The Arab Center for Research and Policy Studies hosted a panel of distinguished Qatari speakers on Wednesday, 9 August, 2017 to explain the fallout of this year’s crisis in intra-Gulf relations from legal, political and economic perspectives. The exceptionally well attended event forms part of the proceedings of the annual Gulf Studies Forum, which the Center has hosted since 2013 and which has become a focal point for scholarship related to the states and societies of the Gulf. Speakers on the panel, included Khaled Rashed Al-Khater, an expert on monetary policy and political economy; Mohammed Al-Khulaifi, Dean of the Faculty of Law at Qatar University; and Majed Al-Ansari, from Qatar University’s Department of Sociology.
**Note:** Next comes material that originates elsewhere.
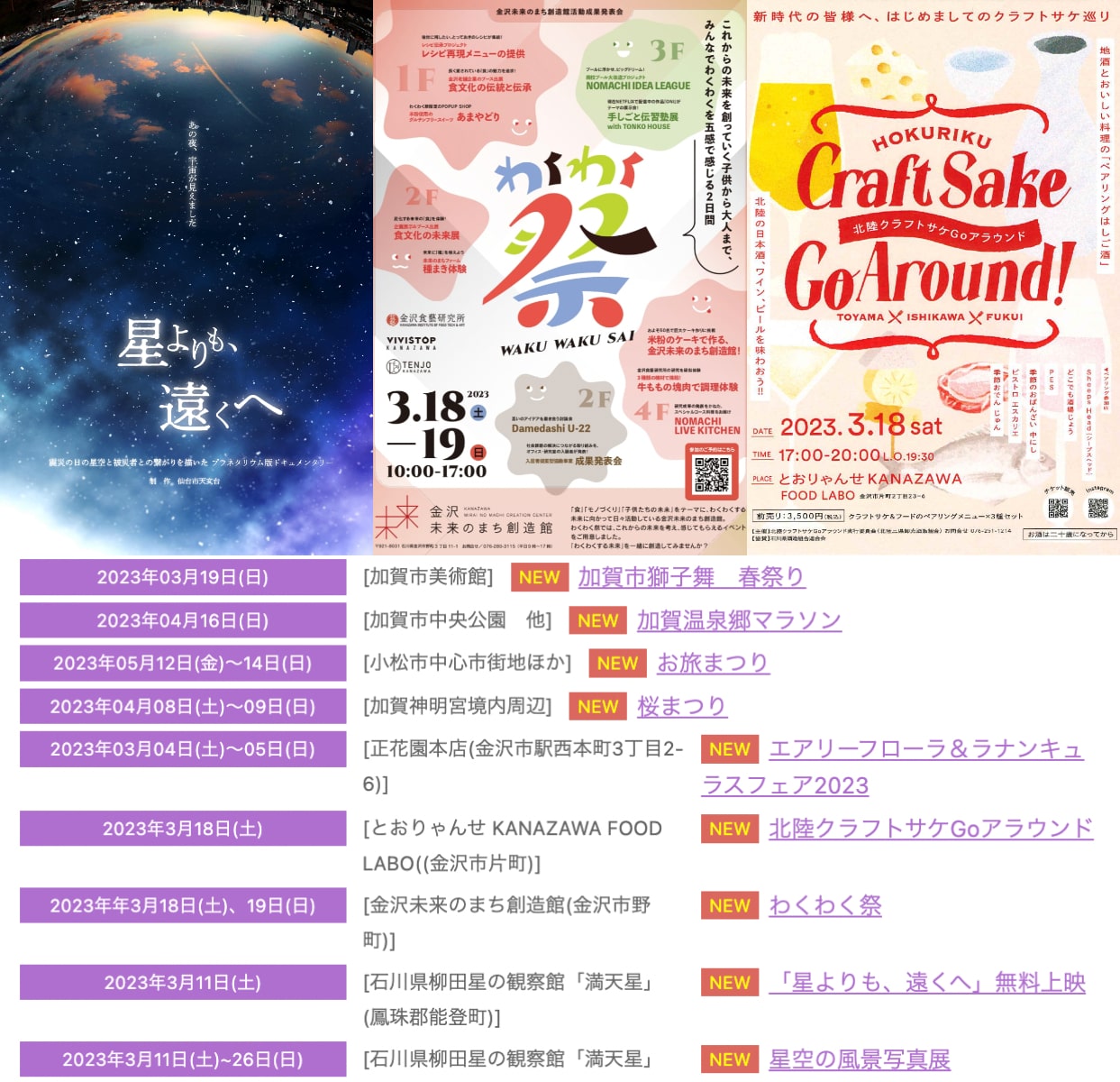 石川県を中心に最新のイベント情報を紹介しているコーナー「New Event」。

Al-Khater expressed the view that the decision by three Gulf states, in addition to Egypt, to impose an air, sea and land blockade on Qatar was tantamount to an act of war, but also insisted that the country would be able to weather the storm. Al-Khater attributed Qatar’s fortitude to two critical factors: the natural resources which buoyed the economy and what the speaker called “sound economic policies”. He went on to add that it was these two factors which had helped to create Qatar’s economic boom, which also drove forward greater self-reliance within the Qatari economy, something which was increasingly vital with the barring of food exports to Qatar from Saudi Arabia.
Al-Khater was quick to add, however, that the crisis in Gulf relations was an invaluable opportunity for Qatar to reexamine its trade arrangements and how Doha had so far presided over a series of import monopolies which had driven up the cost of living in the country for ordinary residents. The speaker insisted that the present crisis should be a wake-up call for Qataris who should not let the country return to the pre-crisis status quo, pointing out that the three Gulf states leading the siege on Qatar had also ruined the regional business environment and the chances for Gulf-wide economic integration. Al-Khater also underscored the need to ensure that the post-crisis Qatari economy would be able to weather the vagaries of oil price fluctuations, and that the country’s academic institutions—and particularly Qatar University—be used to better guide the country’s economic development.
Following Khalid Al-Khater, Mohammed Al-Khulaifi offered a presentation focusing on the legal aspects of the intra-Gulf crisis. Al-Khulaifi explained that international law, as well as international human rights law, provided a framework through which the present crisis between the Gulf states could best be analyzed. Al-Khulaifi delivered a presentation discussing both the norms of international law, including international maritime law, which the three Gulf countries and Egypt had violated by the terms of their blockade on Qatar as well as the channels of arbitration available to Qatar to seek recourse for the damages done.
Said Al-Khulaifi, the decision to blockade Qatar contravened the guiding principles of international law, which allowed for the use of force between states only for the purposes of self-defense. One particular area of international law which the blockade, which prevented Qatari planes from transiting in the airspace of neighboring countries, broke was the 1944 Chicago Convention on International Civilian Aviation, which allowed one country to block the transit of the airplanes of another only in times of war.
Majed Al-Ansari was the third and final speaker to address the audience, with a presentation that provided a historical background for the crisis. According to Al-Ansari, the present crisis in Gulf relations is an inevitable consequence of the “handover from one generation to the next” within the ruling families of the Gulf states. Alluding to Saudi Arabia, he explained that the fate of the Arabian Peninsula has been subject to machinations aimed at “passing power on from father to son after decades during which the handover of power was ‘lateral’ [among the sons of King Abdulaziz]”. Al-Ansari explained that the crisis in Gulf relations uncovered the deep-seated divisions which plagued the Gulf Cooperation Council, which was never as united as it presented itself to the world, according to the speaker. Al-Ansari added that it was high time for the Gulf states to abandon the charade that they had put on of being entirely in harmony with each other and of ignoring the fractures which exist between them. One particular fault line, said Al-Ansari, was the question of the Arab Spring which had divided the region into an irredentist camp and another which was firmly on the side of the popular will—and of which Qatar was a leading player. Commenting on how this crisis will impact Qatar domestically, in the long run, Al-Ansari quoted Qatari Foreign Minister Sheikh Mohammed Bin Abdulrahman Al-Thani who pointed out during a recent visit to Chatham House in London, that “Qatar was not [itself] a democracy”, but that the country was looking forward to greater popular participation in politics.